Genome-wide genotyping was performed by using the Global Screening Array (GSA) v1 (Illumina, San Diego, CA, USA). We assessed the quality control using the PLINK software, v.2 [26]. Firstly, we excluded samples with a low call rate (>90%), and markers with a genotype missingness of 3%, and Hardy–Weinberg equilibrium departure (p < 10−6) and minor allele frequency less than 0.05. Then, we applied the linkage disequilibrium pruning method at pairwise r2 < 0.4 to select the tagging SNPs from the array dataset.

2.5. Admixture Analysis

The Peruvian population is an admixture of four parental ancestries: Native Americans (AI), European (EU), West African (AF), and East Asian (EA). To estimate the proportion of the parental ancestries within Peruvians, we used a model-based clustering algorithm implemented in the ADMIXTURE software [27]. We performed supervised ADMIXTURE analysis at K = 4 by including the reference panels (AI, EU, AF, and EA populations) from the Human Genome Diversity Project [28].
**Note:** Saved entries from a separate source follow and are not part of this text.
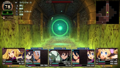 ダンジョンとなるルフランの地下迷宮には,人形兵で構成された集団“カヴン”を最大5つ引き連れて挑むことができます。ダンジョンは入り組んだ構造をしており,視界に見える敵の様子や右上に表示されたMAP,自身の現在位置等に注意しながら,慎重に探索を進めていきます。
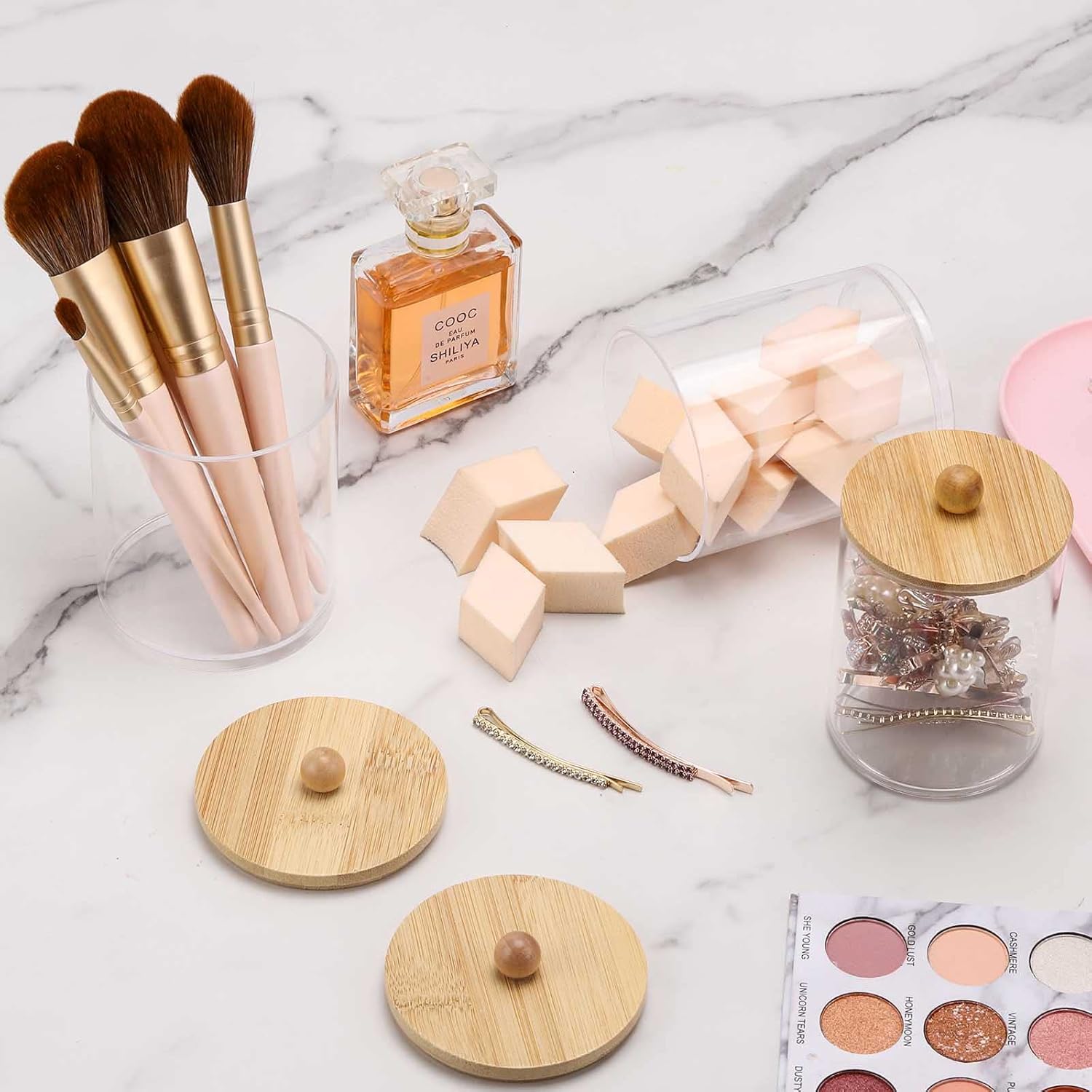 - Q tip Storage Organizer - Look like glass but are a really sturdy plastic and will not shatter, safe for kids
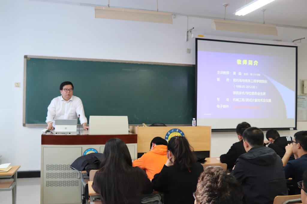 吴淼老师是机电学院资深教授、博导,也是行业著名专家,获国务院“政府特殊津贴”,先后承担多项国家863和973科研项目和获得多项教育部和煤炭行业科技和北京市教学奖励。吴教授结合在指导培养研究生方面的丰富经验,旁征博引地围绕着“学习与成绩、研究与成果”、“课题与素质”、“流程与毕业”、“研究课题实例”等四个方面内容展开了精彩论述,阐释了研究生教育是个性化教育,尽管其课题来源各不相同,要求多种多样,但都是对研究生的专业能力、工作能力、研究能力和创新能力的培养,强调注重练就“会想、会做、会写、会说”四会能力,以求达到较高的研究生培养标准。同时,吴教授以生动幽默且富有哲理的语言讲解了研究生期间的注意事项及撰写论文的常见误区。最后,吴教授介绍了自己的科研团队及科研项目,使同学们对行业前沿技术有了更深的了解。
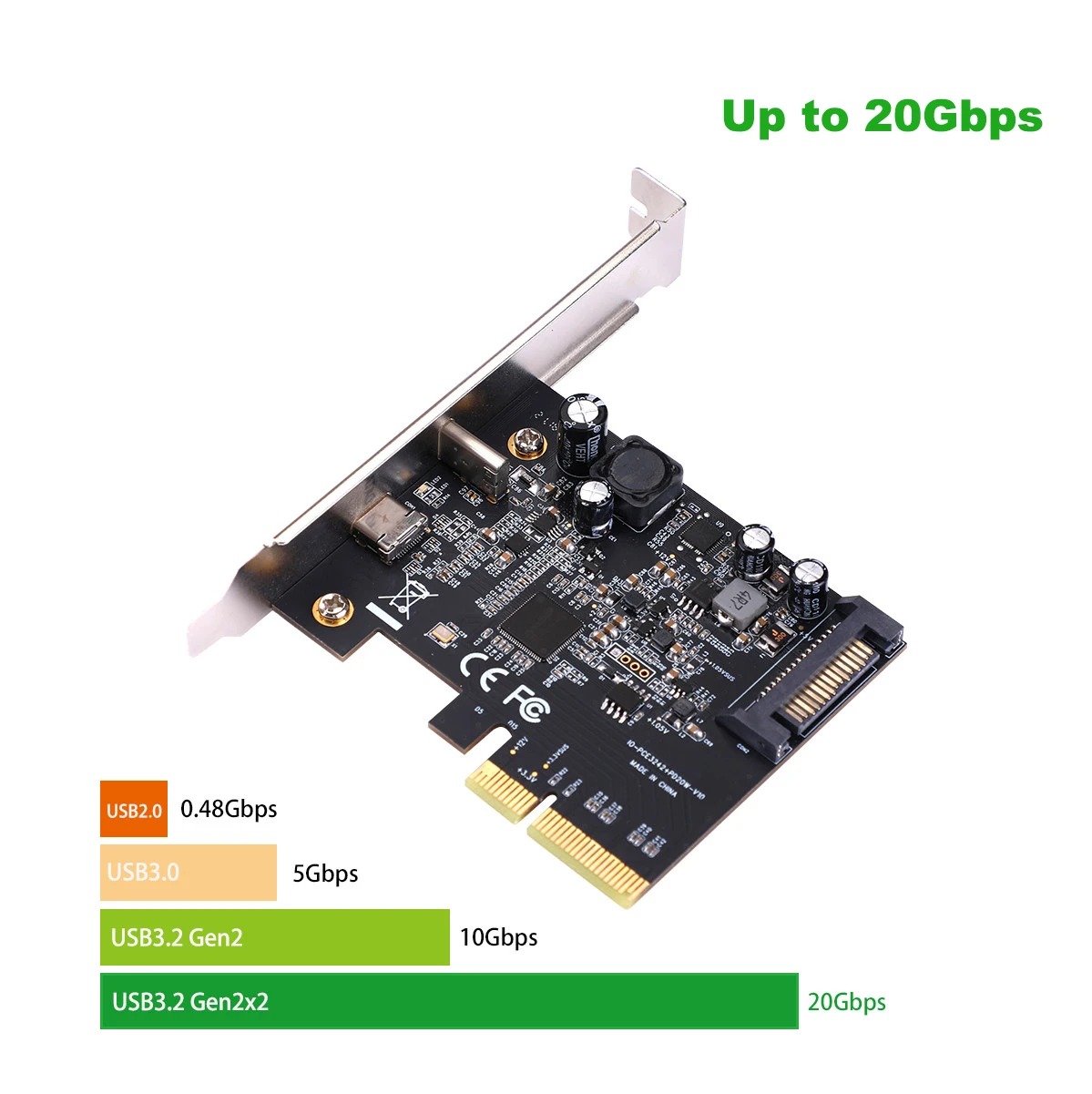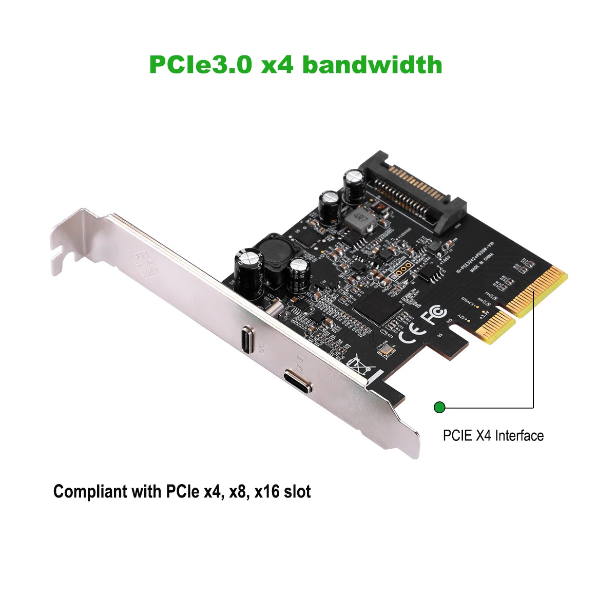 Comprar Tarjeta controladora de expansión PCIE 3,0 a USB 3,2 tipo c, 2 puertos, transferencia de datos de 20G y carga rápida de 20W, PCIE X4 para USB-C
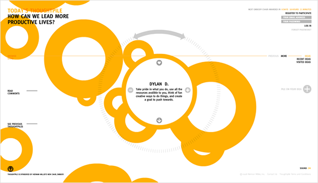 Thoughtpile.org site 有一个有趣的设计和运用图底关系的交互技巧。在这个网页中,这些关系似乎都在不断的变化着,似乎底元素转变成了交互性的图元素。效果很有趣,但是这种做法很夸张(频繁的变动是基于Flash网页的)。当正进行这种变化的时候,你就会更加清楚的知道你的观众和品牌。这个特别的例子似乎表现得非常好!

2.6. Local Ancestry Analysis

We used the same reference panel (selected for global ancestry analysis) to calculate the local ancestral components of chromosome 13 in 20 unrelated probands (1 homozygous and 19 heterozygous) positive for the c.427C>T variant. We assessed local ancestry using a reference panel from three continental populations (AI, EU, and AF). We first phased the reference panel with the Peruvian dataset by using the Segmented Haplotype Estimation and Imputation tool ver. 2 (ShapeIT) [29]. Then, we used RFMix [30], a discriminative modeling approach, to infer the local ancestry across chromosome 13. To improve the accuracy of haplotypes, we ran the RFMix with the PopPhased option in a minimum node size 5. Then, we defined a 2 Mb region (chr13:19,000,000–21,000,000) that stretched the local ancestral block around the c.427C>T variant [31]. The region included 25 variants common in both the reference panel and the Peruvian genotyped dataset (Table S1).

3. Results

Hearing loss in all cases had a prelingual or congenital onset (average age of onset was 18.2 months), with severity ranging from moderate to profound. Around 52% of probands described here were males and 48% were females (Table S2). Lima was the city of birth in 81.2% of cases.

3.1. GJB2 Sequencing

Among the 133 analyzed cases, 43 (32%) had biallelic pathogenic variants in GJB2 and seven were heterozygous for only one allele (Tables S3 and S4). The overall allele frequency of pathogenic variants in GJB2 was 35% (93/266). We found eight pathogenic and six likely pathogenic GJB2 variants. The c.427C>T variant, causing a change in codon 143 from an arginine to a tryptophan p.(Arg143Trp), was identified in 20 probands (19 heterozygous and 1 homozygous), representing 22.6% (21 out of 93) of alleles. The c.35delG variant was the second most common variant, identified in 17.2% of mutated alleles. Remarkably, we identified six heterozygous probands for the rarely reported pathogenic variant c.645delT (Table 1). In addition, we identified three benign variants and four variants of uncertain significance (VUS) (Table S3). Benign variants were found with a pathogenic variant or alone. Only the VUS c.154G>T p.(Val52Phe) was found together with a likely pathogenic variant, c.94C>A (p.Arg32Ser).

3.2. Ancestry Analysis

We examined the population structure of Peruvians using the supervised ADMIXTURE analysis at K = 4. Figure 1a illustrates the results from the ADMIXTURE analysis in a bar-plot figure. Each vertical bar represents an individual, which shows an estimate of the fraction of continental ancestries (AI, AF, EU, and EA). On average, the fraction of AI ancestry in Peruvians was the highest with the mean 76.9% (SD = 16.9). The EU, AF, and EA ancestry proportions were split, with the mean values 18.7% (SD = 13.8), 2.9% (SD = 4), and 1.5% (SD = 7.8), respectively (Figure 1b). Results of the admixture analysis agree with the recent genetic studies showing a four-way admixture (AI, EU, AF, and EA) structure in Peruvians.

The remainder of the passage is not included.